Economy Watch: Fed Divided on Interest Rates

The FOMC once again decided against a rate hike in September, with uncertainty that there will be any rate increase by the end of this year.

By Dees Stribling, Contributing Editor

Janet Yellen, Chair of the Board of Governors of the Federal Reserve System

Janet Yellen, Chair of the Board of Governors of the Federal Reserve System

Central bankers seem to be in disagreement about how to proceed with raising the currently ultra-low interest rates, based on The Federal Open Market Committee recently released minutes of its Sept. 20-21 meeting. Some FOMC members believe that waiting might lead to later larger rate increases—and another recession as a result.

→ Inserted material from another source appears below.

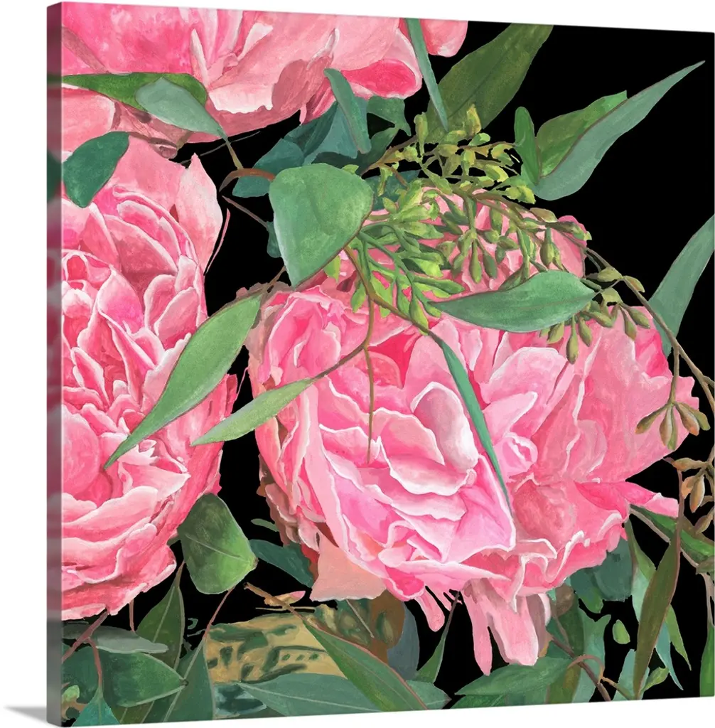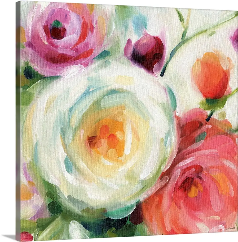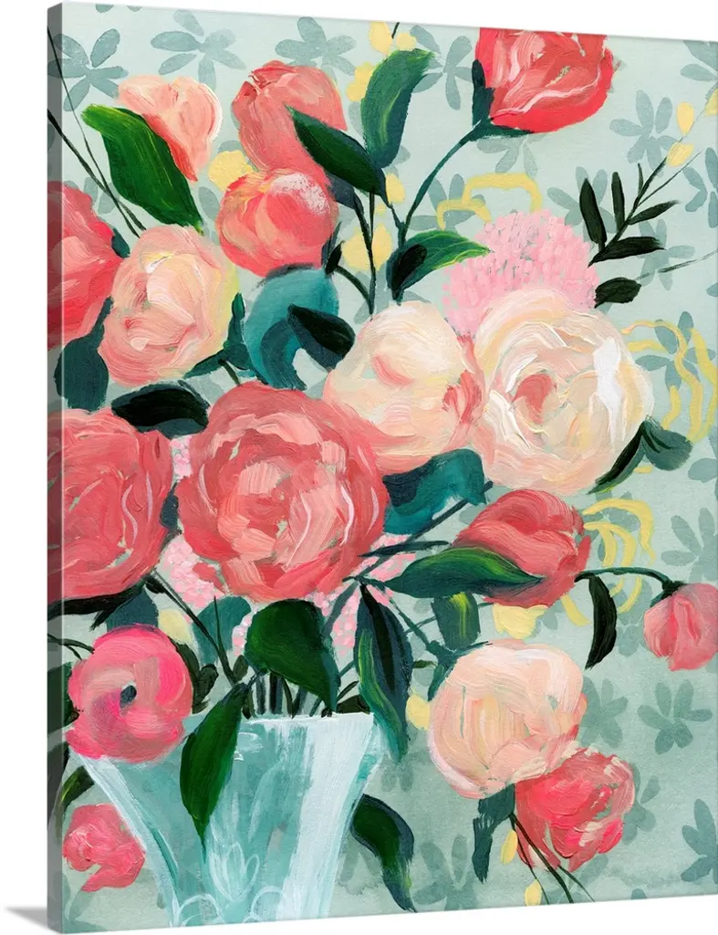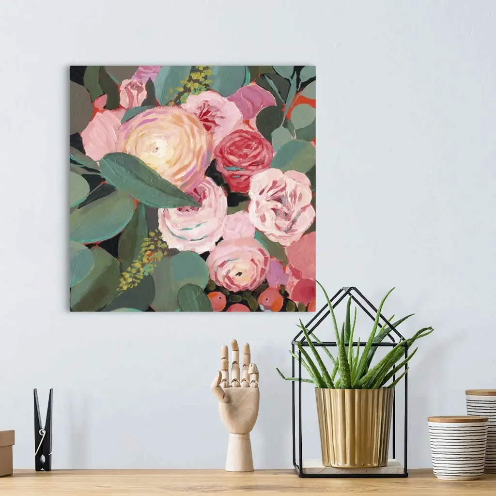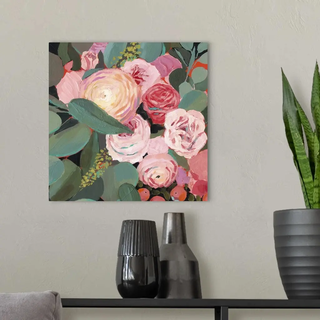 This whimsical artwork features an abundance of flowers in romantic hues of red and pink that drape over the greenery.

“A few participants referred to historical episodes when the unemployment rate appeared to have fallen well below its estimated longer-run normal level,” the report said. “They observed that monetary tightening in those episodes typically had been followed by recession and a large increase in the unemployment rate.”

In other words, raising interest rates can be tricky, and with unintended consequences for the economy. Most of the committee members, on the other hand, “judged this historical experience to be of limited applicability in the present environment because the economy was growing only modestly above trend, inflation was below the Committee’s 2 percent objective and inflation expectations were low—circumstances that differed markedly from those earlier episodes.”

That doesn’t mean that interest rates are going up anytime soon, however. Recent mediocre employment reports, along with the Fed’s probable unwillingness to do anything so close to an election, mean that December is the earliest likely time for a rate increase—though, as usual with the central bank, there’s no way to tell for sure.